* **REQUIREMENT**
Reproduce the records below in full and exactly, without their images.

Dataset excerpts:
= = =
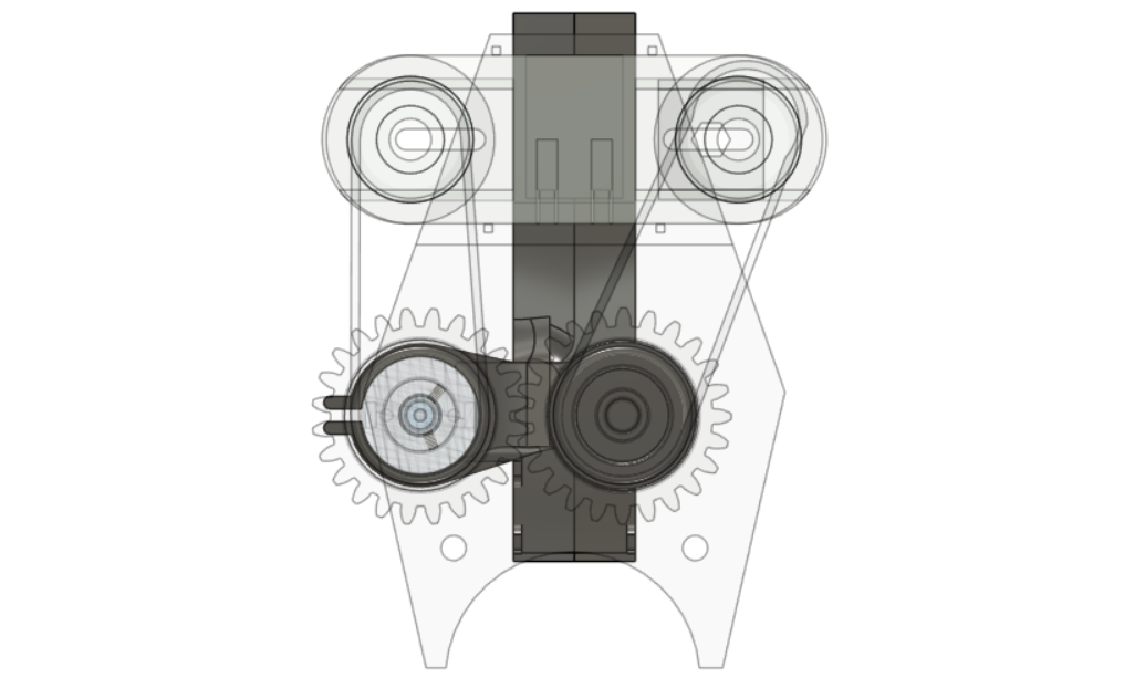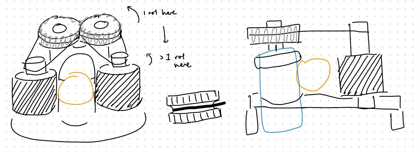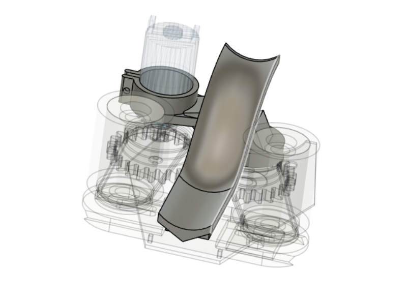 The gears were stiffer and louder than I expected, but worked fairly well. The stiffness could be mitigated by using bearings instead of having a plastic-on-plastic axel, but I was still worried about force transfer and the general loudness/impreciseness of plastic meshing, especially at speeds. With this in mind, I designed the sketched out the following mechanism next:
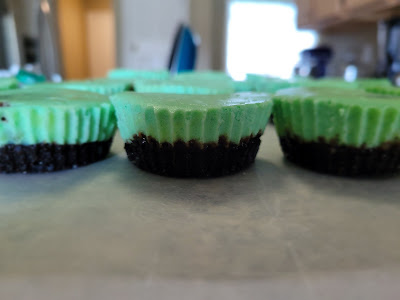 Using a cookie scoop, I dropped a large dollop into each silicone cupcake liner. These liners are awesome, not just because they’re also rainbow colored and therefore St. Patrick’s Day approved, but because you don’t have to spray your pan or use throw away liners; they are so easy to remove ANYTHING from, even sticky foods, so just go get yourself a set. I used the bottom of a shot glass sprayed with Pam to evenly spread the crust out in the liners. A tablespoon would also work! Here’s where I tell you to blind bake these crusts for 5-7 minutes at 325 degrees, then let them cool fully while making your filling. I skipped this step, and the crusts were super soft and messy. Granted, they’re just Oreos and butter, so under baking them poses no health risk, and we’re still eating them by the fistful anyway while my in-laws are here for a visit (also appropriate since they’re the ones who gifted me the silicone cupcake liners).
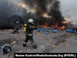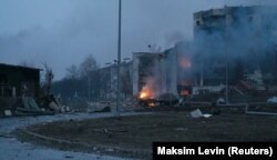 მეხანძრეები აქრობენ დაბომბვით გამოწვეულ ხანძარს. ჩუგუივი. 24 თებერვალი.
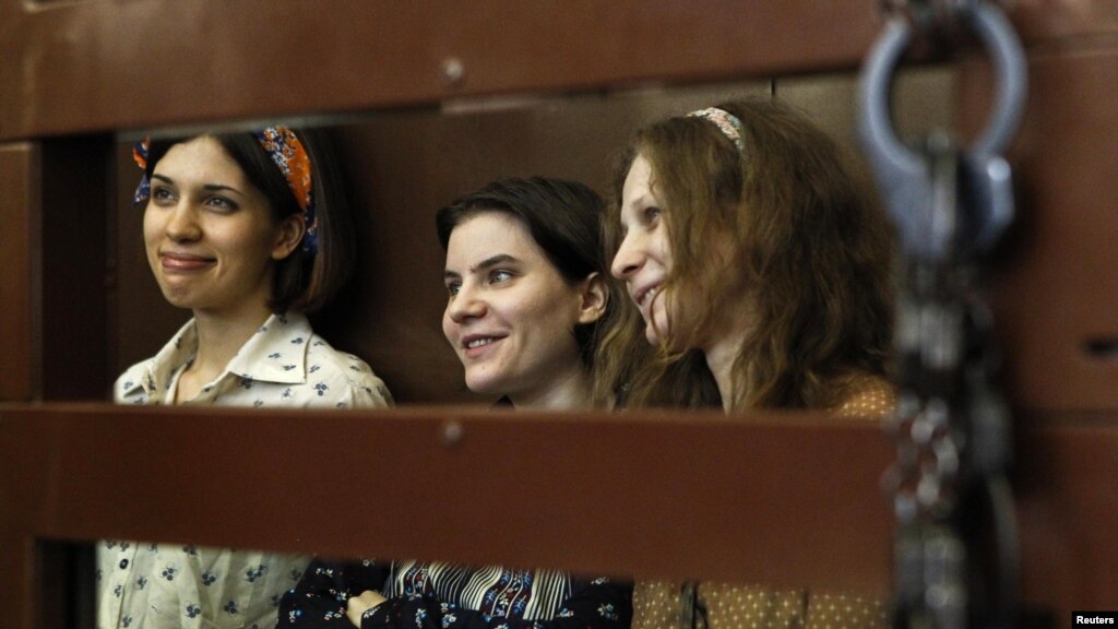 Nadezhda Tolokonnikova, Maria Alyokhina, and Yekaterina Samutsevich were charged with hooliganism and insulting feelings of Orthodox Christians after staging a performance at Moscow's Christ the Savior Cathedral in March against President Vladimir Putin’s rule.
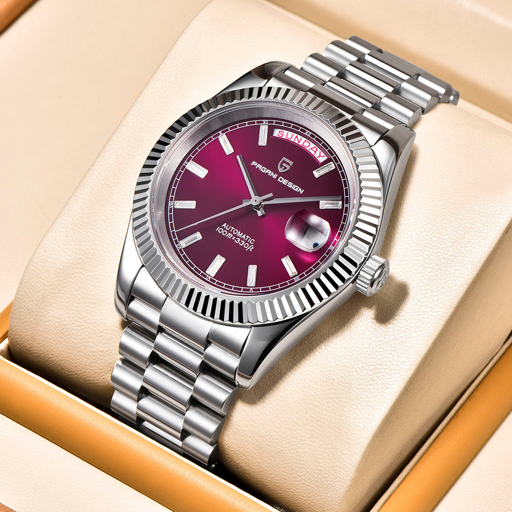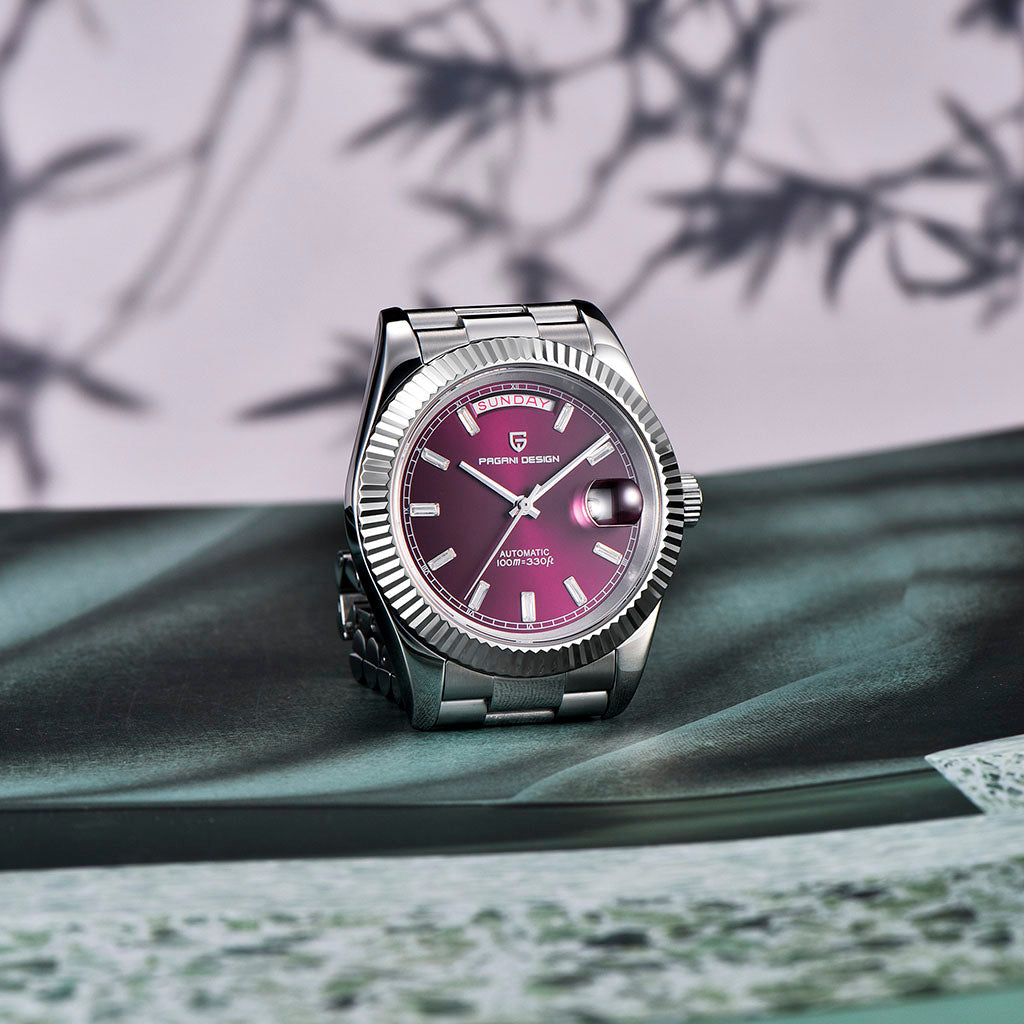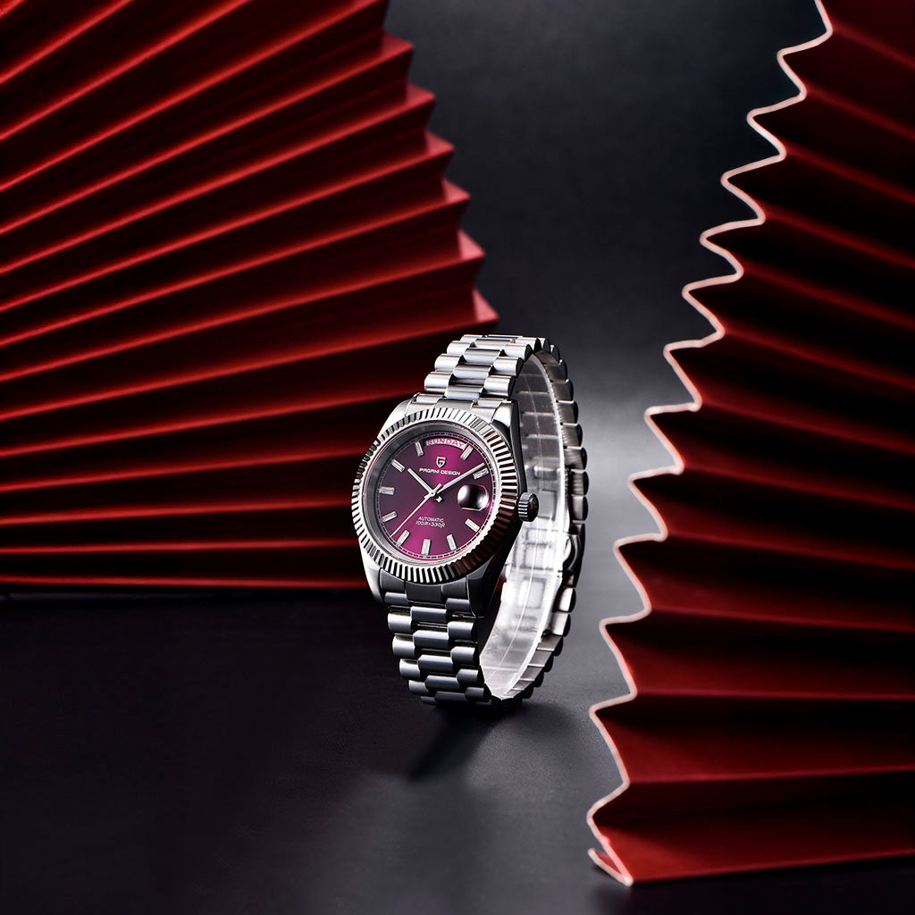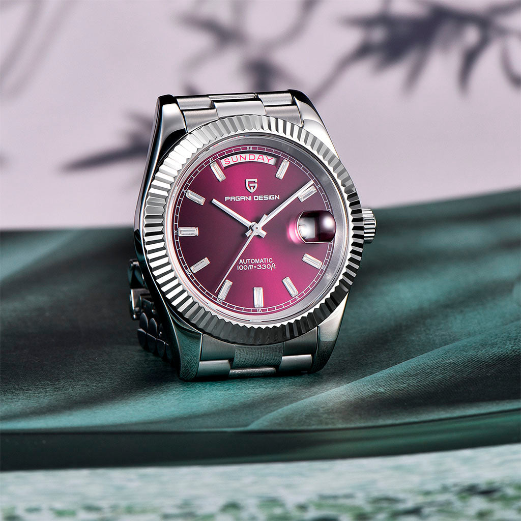 Das Seiko NH35A-Uhrwerk ist eine verfeinerte Version des NH25 und bekannt für außergewöhnliche Präzision und Zuverlässigkeit. Der Pagani Design Rubensberg, ausgestattet mit dem Kaliber NH35A, verfügt über eine beeindruckende Gangreserve von ca. 45 Stunden.
= = =
* **EXERCISE ANSWER**
 The gears were stiffer and louder than I expected, but worked fairly well. The stiffness could be mitigated by using bearings instead of having a plastic-on-plastic axel, but I was still worried about force transfer and the general loudness/impreciseness of plastic meshing, especially at speeds. With this in mind, I designed the sketched out the following mechanism next:
 Using a cookie scoop, I dropped a large dollop into each silicone cupcake liner. These liners are awesome, not just because they’re also rainbow colored and therefore St. Patrick’s Day approved, but because you don’t have to spray your pan or use throw away liners; they are so easy to remove ANYTHING from, even sticky foods, so just go get yourself a set. I used the bottom of a shot glass sprayed with Pam to evenly spread the crust out in the liners. A tablespoon would also work! Here’s where I tell you to blind bake these crusts for 5-7 minutes at 325 degrees, then let them cool fully while making your filling. I skipped this step, and the crusts were super soft and messy. Granted, they’re just Oreos and butter, so under baking them poses no health risk, and we’re still eating them by the fistful anyway while my in-laws are here for a visit (also appropriate since they’re the ones who gifted me the silicone cupcake liners).
 მეხანძრეები აქრობენ დაბომბვით გამოწვეულ ხანძარს. ჩუგუივი. 24 თებერვალი.
 Nadezhda Tolokonnikova, Maria Alyokhina, and Yekaterina Samutsevich were charged with hooliganism and insulting feelings of Orthodox Christians after staging a performance at Moscow's Christ the Savior Cathedral in March against President Vladimir Putin’s rule.
 Das Seiko NH35A-Uhrwerk ist eine verfeinerte Version des NH25 und bekannt für außergewöhnliche Präzision und Zuverlässigkeit. Der Pagani Design Rubensberg, ausgestattet mit dem Kaliber NH35A, verfügt über eine beeindruckende Gangreserve von ca. 45 Stunden.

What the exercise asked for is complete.